- City of the Village of Minnetonka Beach
- Minnetonka Beach Water Tower, a city landmark
- Logo
- Location of Minnetonka Beach within Hennepin County, Minnesota
- Coordinates: 44°56′22″N 93°35′30″W﻿ / ﻿44.93944°N 93.59167°W
- Country: United States
- State: Minnesota
- County: Hennepin
- Incorporated: 1894

Government
- • Mayor: Joe Pagano

Area
- • Total: 1.54 sq mi (3.98 km^{2})
- • Land: 0.47 sq mi (1.21 km^{2})
- • Water: 1.07 sq mi (2.77 km^{2})
- Elevation: 942 ft (287 m)

Population (2020)
- • Total: 546
- • Density: 1,168.3/sq mi (451.07/km^{2})
- Time zone: UTC-6 (Central (CST))
- • Summer (DST): UTC-5 (CDT)
- ZIP code: 55361
- Area code: 952
- FIPS code: 27-43270
- GNIS feature ID: 0647950
- Website: www.ci.minnetonka-beach.mn.us

= Minnetonka Beach, Minnesota =

City in Minnesota, United States

Minnetonka Beach is a city in Hennepin County, Minnesota, United States. Located on Lake Minnetonka, the population was 546 at the 2020 census.

==History==
Minnetonka Beach (Officially The Village of Minnetonka Beach) is located on the shores of Lake Minnetonka. Originally part of Excelsior Township, Minnetonka Beach was the site of the Hotel Lafayette, which was built by the Minneapolis, Saint Paul, & Manitoba Railway (later part of the Great Northern Railway) in 1882. In 1884, Minnetonka Beach was annexed by Medina Township. The community was incorporated as an independent village in 1894.
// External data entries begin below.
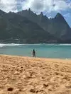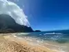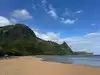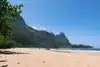 Absolutely beautiful, so natural and unspoilt, soft golden sand with a gorgeous backdrop of the start of the Napali coast.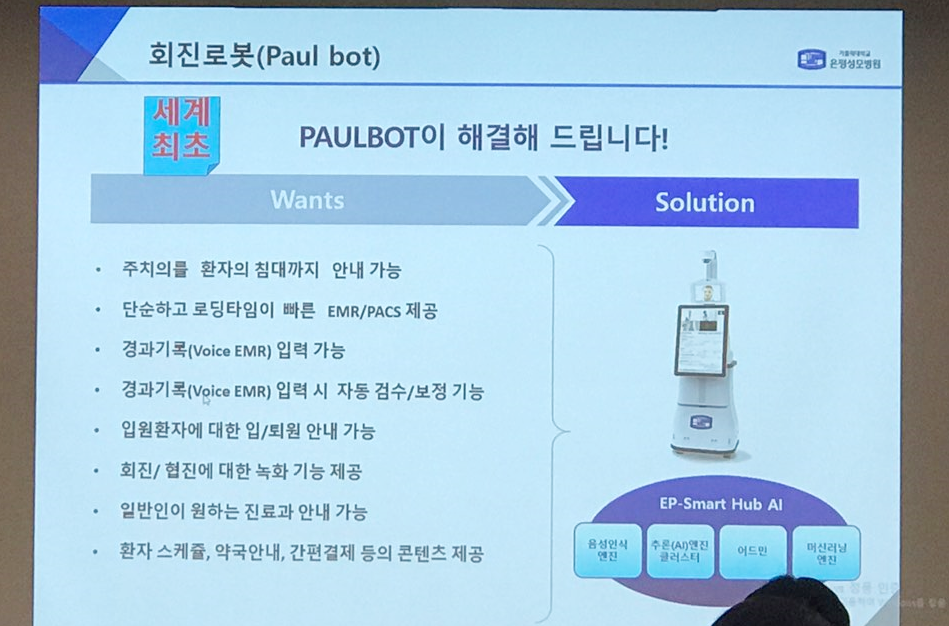 À̹ø¿¡ º´¿øÀÌ µµÀÔÇÑ Àåºñ´Â ȯÀÚ¸¦ À§ÇÑ ¾È³»·Îº¿ ‘¸¶¸®¾Æ(Maria)’¿Í ȸÁø·Îº¿ ‘ÆÄ¿ï(Paul)’ÀÌ´Ù. ÀÌ °¡¿îµ¥¼µµ ÆÄ¿ïÀº ±¹³» óÀ½À¸·Î ½ÃµµµÇ´Â ȸÁø º¸Á¶·Îº¿À¸·Î À½¼ºÀÎ½Ä EMR ±â´ÉÀ» žÀçÇϰí ÀÖ´Ù.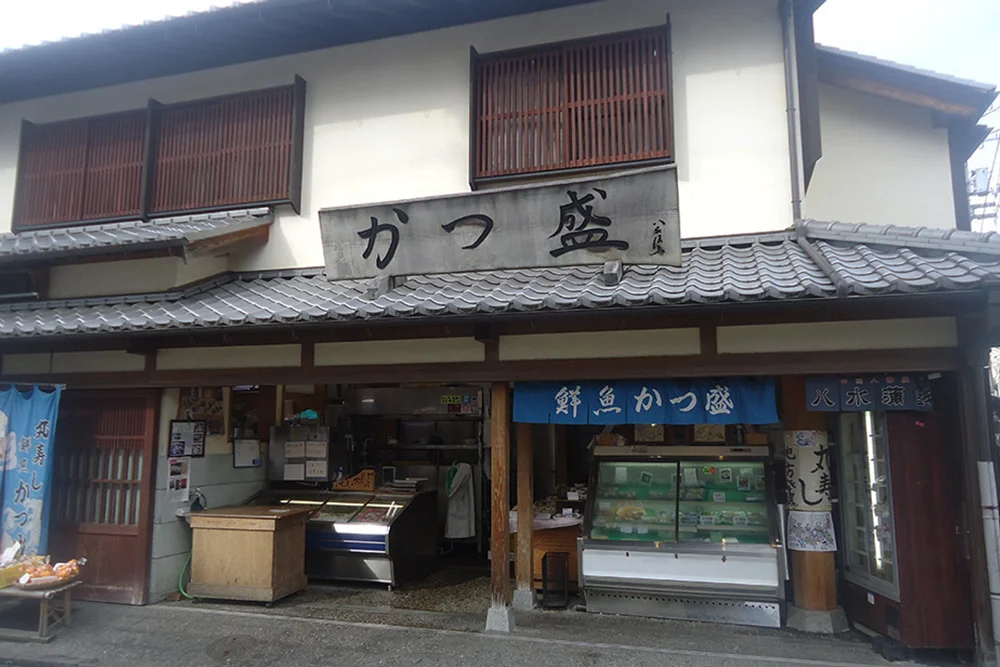 創業約130年の老舗鮮魚店、商店街のほぼ中心町並みの入口にあります。郷土料理の丸寿しはおからを甘酸っぱく調味し、旬の魚で包み込んだもので懐かしい味であり、初めての方には新しい味を感じることのできる料理です。

After the Hotel Lafayette burned in 1897, a portion of the property became home to the Lafayette Club. The original clubhouse of the Lafayette Club was built in 1900 and burned in 1922. The current clubhouse was constructed in 1924.

==Geography==
According to the United States Census Bureau, the city has a total area of 0.48 sqmi, of which 0.47 sqmi is land and 0.01 sqmi is water. County 15 serves as a main route.

==Demographics==

Historical population
| Census | Pop. | Note | %± |
| 1900 | 101 |  | — |
| 1910 | 166 |  | 64.4% |
| 1920 | 94 |  | −43.4% |
| 1930 | 112 |  | 19.1% |
| 1940 | 229 |  | 104.5% |
| 1950 | 376 |  | 64.2% |
| 1960 | 544 |  | 44.7% |
| 1970 | 586 |  | 7.7% |
| 1980 | 575 |  | −1.9% |
| 1990 | 573 |  | −0.3% |
| 2000 | 614 |  | 7.2% |
| 2010 | 539 |  | −12.2% |
| 2020 | 546 |  | 1.3% |
U.S. Decennial Census

===2010 census===
As of the census of 2010, there were 539 people, 201 households, and 159 families living in the city. The population density was 1146.8 PD/sqmi. There were 231 housing units at an average density of 491.5 /sqmi. The racial makeup of the city was 99.3% White, 0.4% Asian, and 0.4% from two or more races. Hispanic or Latino of any race were 0.6% of the population.

There were 201 households, of which 38.3% had children under the age of 18 living with them, 73.1% were married couples living together, 3.5% had a female householder with no husband present, 2.5% had a male householder with no wife present, and 20.9% were non-families. 18.9% of all households were made up of individuals, and 7% had someone living alone who was 65 years of age or older. The average household size was 2.68 and the average family size was 3.09.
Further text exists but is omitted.